┌────────
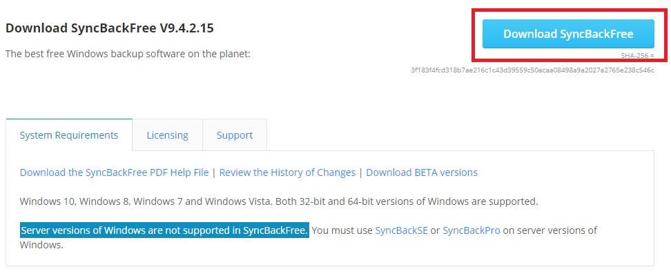 3) 화면을 살펴보면 파란색 버튼으로 Download SyncBackFree 이 있습니다.
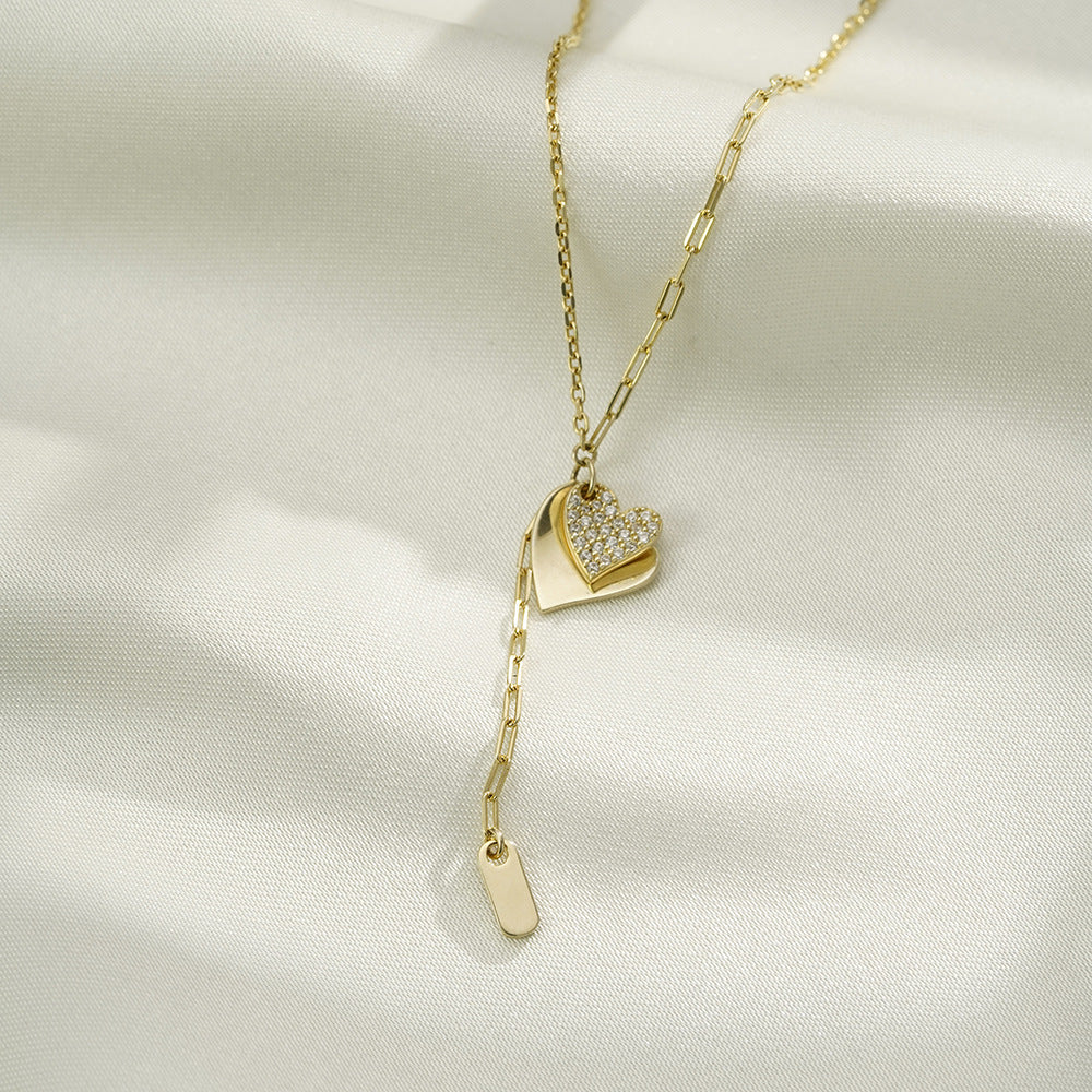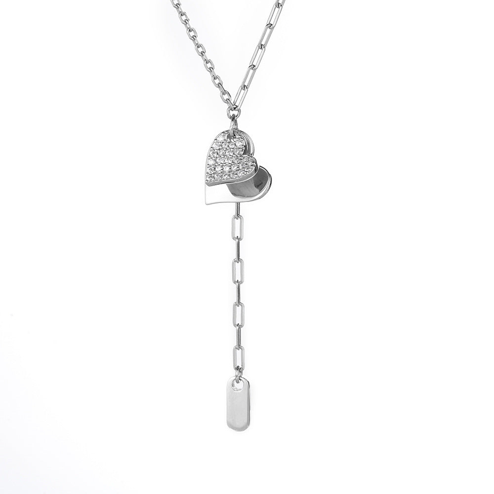 (Two Colours) White Zircon Double Hearts with Tassles Pendants Collarbone Necklace for Women
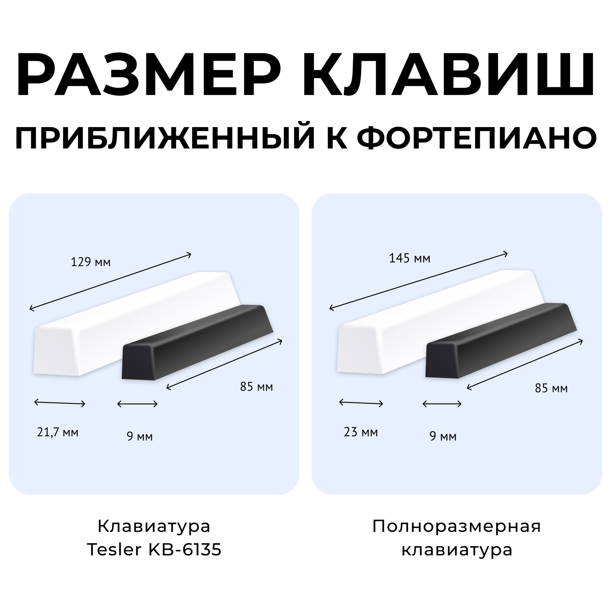 Синтезатор Tesler KB-6135 подходит для начального уровня благодаря понятному управлению и наличию обучающих программ.
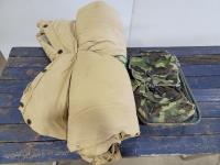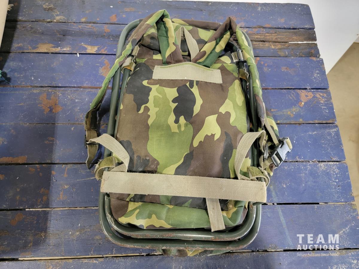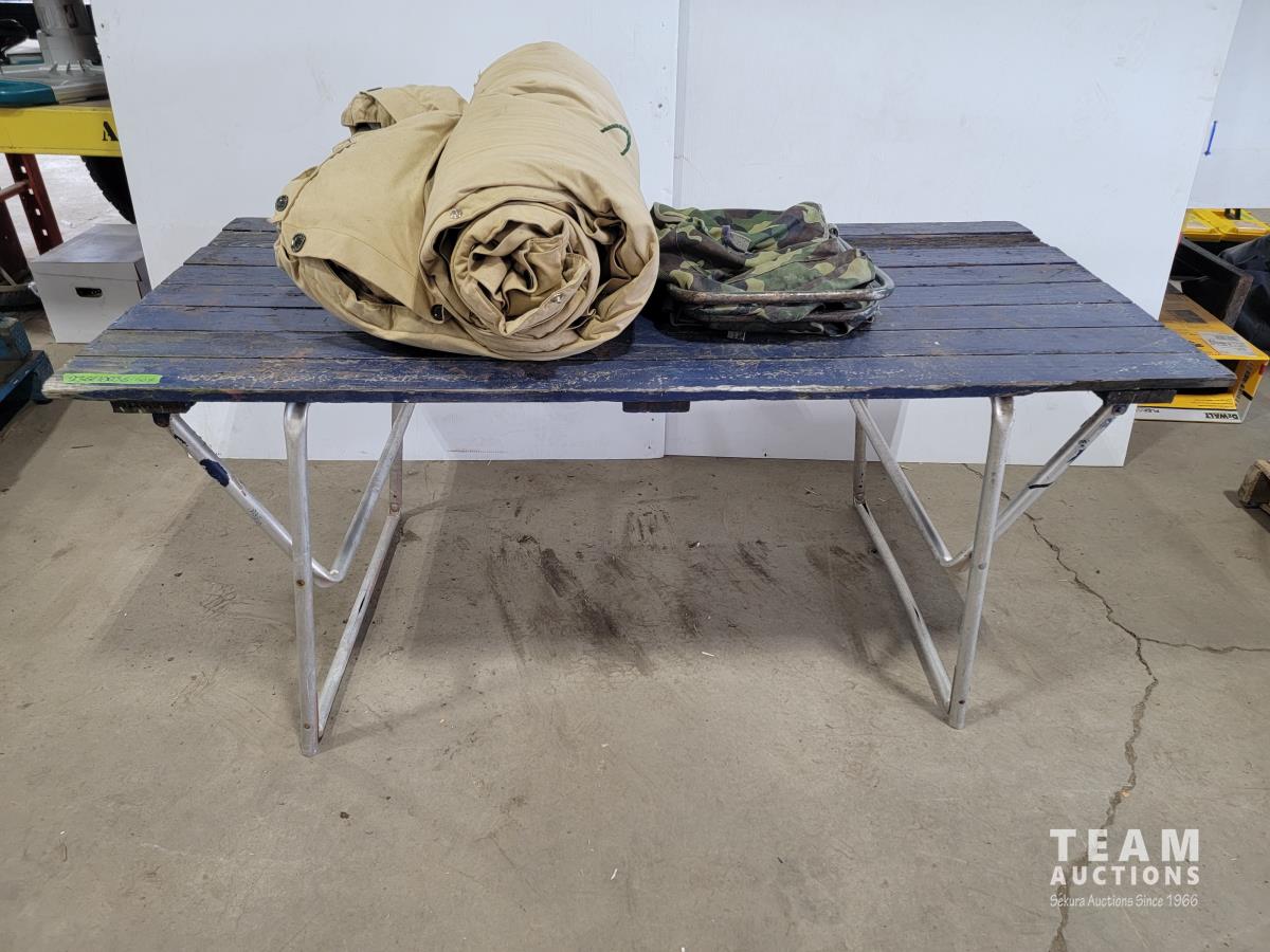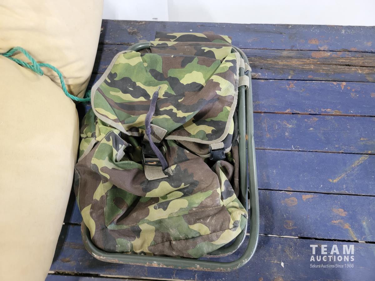 1845 Vintage Down Filled Wool Lined Sleeping Bag, Backpack with Chair and Folding Table
└────────
Output the listing above exactly, but leave its pictures behind.

**Exercise response**
 3) 화면을 살펴보면 파란색 버튼으로 Download SyncBackFree 이 있습니다.
 (Two Colours) White Zircon Double Hearts with Tassles Pendants Collarbone Necklace for Women
 Синтезатор Tesler KB-6135 подходит для начального уровня благодаря понятному управлению и наличию обучающих программ.
 1845 Vintage Down Filled Wool Lined Sleeping Bag, Backpack with Chair and Folding Table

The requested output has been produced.